### Exercise instructions:
Could the listing below be returned exactly, with its pictures left out?

### Supplied material:

______________________________

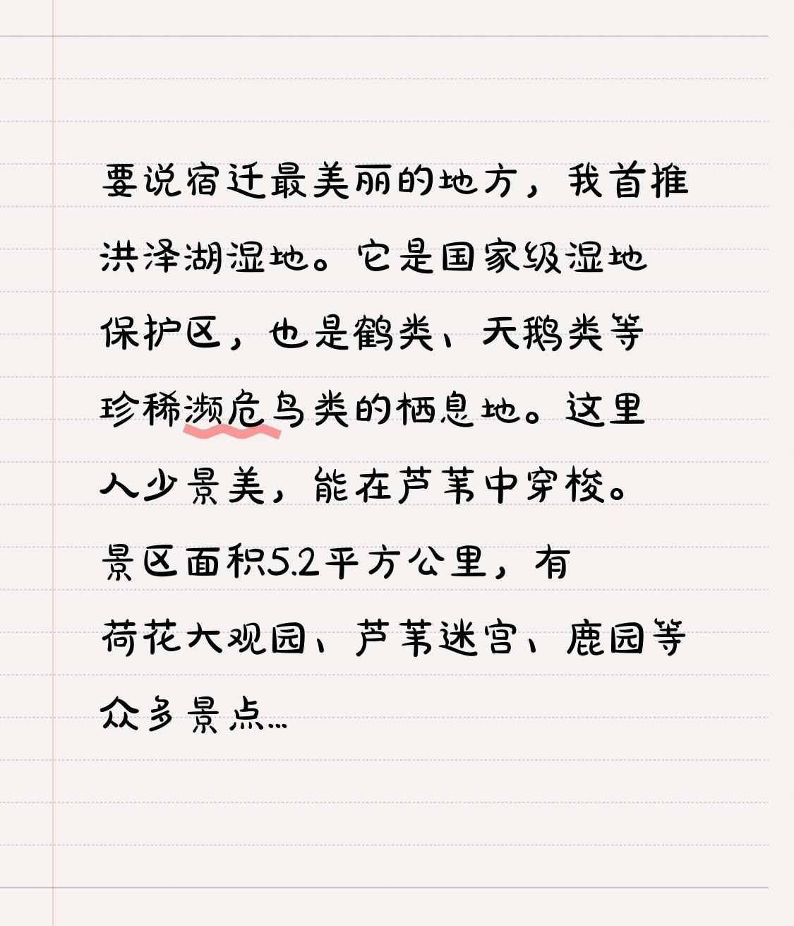 要说宿迁最美丽的地方,我首推洪泽湖湿地。它是国家级湿地保护区,也是鹤类、天鹅类等珍稀濒危鸟类的栖息地。这里人少景美,能在芦苇中穿梭。
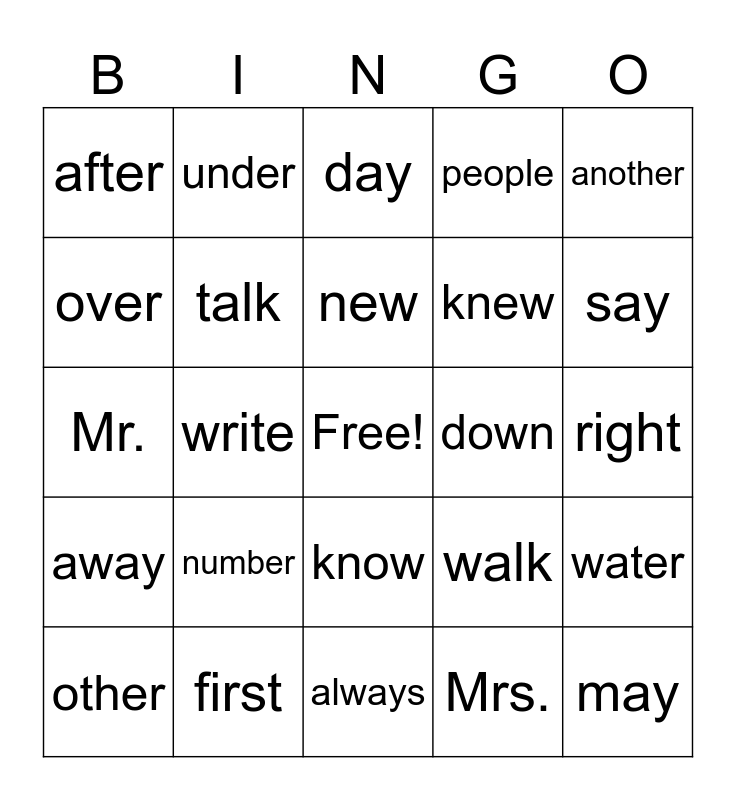 This bingo card has a free space and 24 words: number, first, new, other, another, after, over, under, down, know, knew, Mr., walk, water, talk, Mrs., right, day, say, write, may, away, people and always.
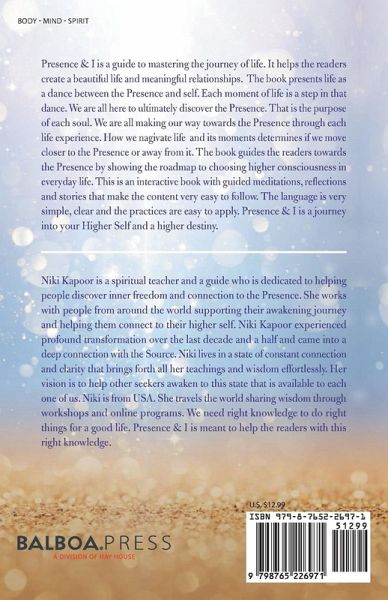 Presence & I is a guide to mastering the journey of life. It helps the readers create a beautiful life and meaningful relationships. The book presents life as a dance between the Presence and self. Each moment of life is a step in that dance. We are all here to ultimately discover the Presence. That is the purpose of each soul. We are all making our way towards the Presence through each life experience. How we nagivate life and its moments determines if we move closer to the Presence or away from it. The book guides the readers towards the Presence by showing the roadmap to choosing higher consciousness in everyday life. This is an interactive book with guided meditations, reflections and stories that make the content very easy to follow. The language is very simple, clear and the practices are easy to apply. Presence & I is a journey into your Higher Self and a higher destiny.
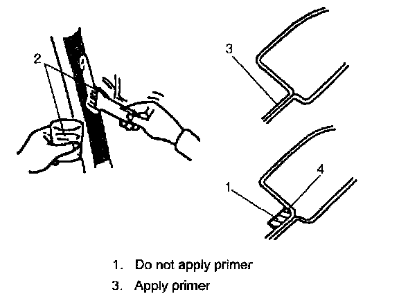 If surfaces of paint or bare metal come out, apply primer (2) for body with caution not to apply primer to surface of adhesive remaining on body.

______________________________

### Solution for this task:
 要说宿迁最美丽的地方,我首推洪泽湖湿地。它是国家级湿地保护区,也是鹤类、天鹅类等珍稀濒危鸟类的栖息地。这里人少景美,能在芦苇中穿梭。
 This bingo card has a free space and 24 words: number, first, new, other, another, after, over, under, down, know, knew, Mr., walk, water, talk, Mrs., right, day, say, write, may, away, people and always.
 Presence & I is a guide to mastering the journey of life. It helps the readers create a beautiful life and meaningful relationships. The book presents life as a dance between the Presence and self. Each moment of life is a step in that dance. We are all here to ultimately discover the Presence. That is the purpose of each soul. We are all making our way towards the Presence through each life experience. How we nagivate life and its moments determines if we move closer to the Presence or away from it. The book guides the readers towards the Presence by showing the roadmap to choosing higher consciousness in everyday life. This is an interactive book with guided meditations, reflections and stories that make the content very easy to follow. The language is very simple, clear and the practices are easy to apply. Presence & I is a journey into your Higher Self and a higher destiny.
 If surfaces of paint or bare metal come out, apply primer (2) for body with caution not to apply primer to surface of adhesive remaining on body.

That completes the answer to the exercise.